C'est l'enjeu de la dynamique de l'innovation. Celle-ci crée des gains de productivité à l'échelle microéconomique
mais pas encore à l'échelle macroéconomique. La vision optimiste qui est la mienne est qu'à un horizon pas trop
éloigné, l'accumulation d'innovations et la maturité du cycle d'innovation vont se traduire par des gains de
productivité qui caleront l'économie sur une trajectoire plus élevé. L'enjeu portera alors sur l'éducation pour
pouvoir accompagner et amplifier cette dynamique nouvelle.
Durant la campagne électorale américaine il était question de barrières douanières plus élevés avec la
Chine et le Mexique et la dénonciation d'engagements commerciaux américains? Qu'en est-il? Cela
pèsera-t-il sur 2017?
Effectivement il y a eu de nombreuses menaces sur le commerce mondial durant la campagne de la part du
président élu. Cela reste une source de préoccupation même si l'équilibre a un peu changé en raison de la
réactivité des chinois qui ne veulent pas se laisser faire.

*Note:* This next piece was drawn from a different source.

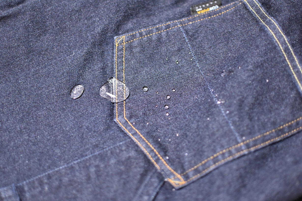 以前にリリースしております「(ストレッチではない)コーデュラ®デニム」の開発時から、コーデュラ®ストレッチデニムへの撥水加工を試しておりましたが、思ったような数値が出せず、「(ストレッチではない)コーデュラ®デニム」を先行リリースしておりましたが、撥水加工を行う会社を変更して開発を進め今回実現に至りました。
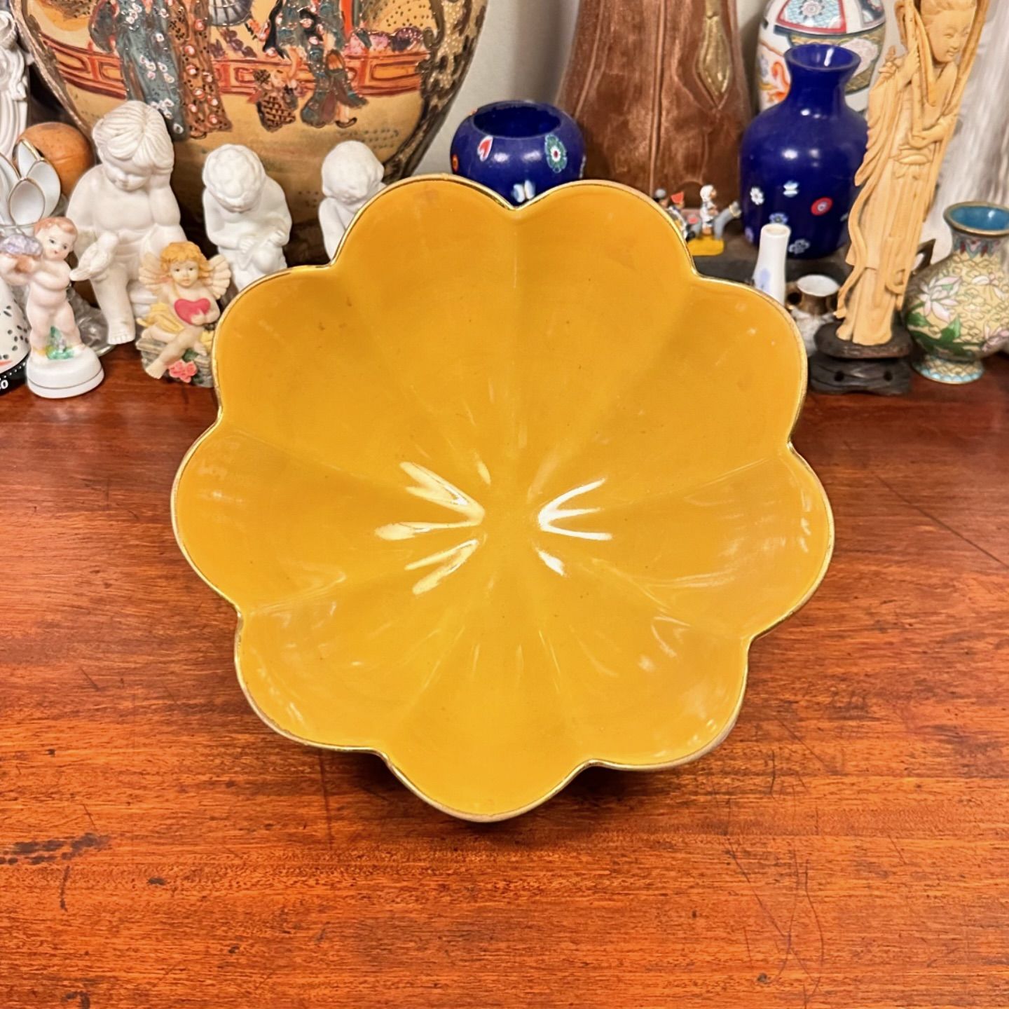 Elegante tigela central de sobremesa em porcelana antiga, ricamente decorada com delicados motivos florais pintados à mão, refletindo um trabalho artesanal de rara beleza e sofisticação.

Le risque des mesures qui étaient annoncées sur le commerce mondial, était un choc fort et durable sur les
échanges avec un impact persistant sur l'ensemble des économies. C'est la raison pour laquelle l'ensemble des
instituts de prévisions craignait leur mise en œuvre. Cela aurait pu se traduire par une récession globale y compris
aux USA.
Le président élu a indiqué vouloir sortir de l'accord commercial avec l'Asie hors Chine (accord dits TPP). C'est
probablement un signal vers les électeurs alors que l'accord n'était pas encore signés par tous les pays. C'est
certainement une erreur des USA car les pays asiatiques ont tous la Chine comme principal partenaire commercial.
Barack Obama souhaitait cet accord pour maintenir forte la présence américaine dans la région. La sortie du TPP
offre une opportunité à la Chine.
A court terme, la préoccupation sur cette dimension internationale parait être plus politique qu'économique et ne
pas forcément aller vers plus de stabilité. C'est au moins aussi préoccupant.